This ruling has far-reaching implications for the practice of data processing and data protection management in companies. It emphasizes the importance of a careful and proactive approach to data protection and data security in order to prevent potential liability risks. Companies must therefore continuously review and adapt their data protection strategies in order to meet the constantly changing requirements and threats.

The fact that the liability of companies now also depends on the security measures implemented in advance could massively change the work of data protection lawyers and data protection officers. These professionals are now faced with the challenge of not only ensuring compliance with data protection regulations, but also proactively developing and implementing risk management strategies that meet the latest legal requirements. This requires in-depth knowledge of the technical and organizational aspects of data protection and constant adaptation to the evolving legal situation.

Recognition of immaterial damages

The judgment C-456/22 of the European Court of Justice (ECJ) marks a significant step forward in the area of data protection law, in particular with regard to the right to compensation for non-material damage. This ruling rules out the application of a de minimis limit for immaterial damages. This is a significant development as it means that even minor non-material damage resulting from data breaches can be recognized and compensated.

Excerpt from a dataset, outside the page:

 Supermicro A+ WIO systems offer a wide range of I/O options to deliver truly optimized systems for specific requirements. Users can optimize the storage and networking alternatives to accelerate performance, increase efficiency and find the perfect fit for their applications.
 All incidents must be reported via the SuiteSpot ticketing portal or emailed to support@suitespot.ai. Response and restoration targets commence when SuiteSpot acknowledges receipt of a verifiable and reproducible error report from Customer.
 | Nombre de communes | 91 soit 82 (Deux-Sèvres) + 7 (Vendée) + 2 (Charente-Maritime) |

This decision of the ECJ expands the understanding of damage in the context of the GDPR. It recognizes that the fear of misuse of personal data, even if no actual misuse has taken place, can constitute immaterial damage. This reflects the growing recognition of the psychological and emotional impact that data breaches can have on individuals. The fear of identity theft, fraud or loss of privacy can have a significant impact on the well-being of the people concerned.

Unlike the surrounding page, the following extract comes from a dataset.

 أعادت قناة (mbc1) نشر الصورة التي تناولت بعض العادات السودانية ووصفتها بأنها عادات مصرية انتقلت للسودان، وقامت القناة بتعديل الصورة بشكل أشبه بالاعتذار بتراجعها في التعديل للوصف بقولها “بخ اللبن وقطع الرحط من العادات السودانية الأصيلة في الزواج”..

Furthermore, the ruling underlines the importance of protecting personal data and strengthens the rights of individuals in the digital age. It sends a clear signal to companies and organizations that they can be held liable not only for material damage, but also for immaterial damage caused by their data processing activities. This increases the pressure on companies to implement effective data protection measures and to take user privacy seriously.

In practice, this means that data protection violations can not only have financial consequences, but can also lead to claims for compensation for non-material damage. This requires a careful assessment of the risks and potential impact of data breaches, both from a legal and ethical perspective. Companies and organizations must therefore rethink their data protection practices and ensure that they not only comply with legal requirements, but also protect the rights and well-being of data subjects.

Implications and conclusion

The rulings of the European Court of Justice in cases C-340/21 and C-456/22 have far-reaching implications that go beyond the immediate question of liability for data breaches. They signal an increased legal responsibility and sensitivity for data protection in the EU, which will have a significant impact on the practice of data processing and security as well as on case law in data protection matters.

Companies are now faced with the challenge of fundamentally rethinking their data protection strategies. This concerns not only the implementation and regular review of effective security measures, but also a comprehensive adaptation of their data protection policies and procedures. The ECJ’s decisions could lead to stricter practice in the assessment of data protection breaches and to an increase in lawsuits for non-material damages. This requires companies to proactively manage risk and continuously adapt to the changing legal framework.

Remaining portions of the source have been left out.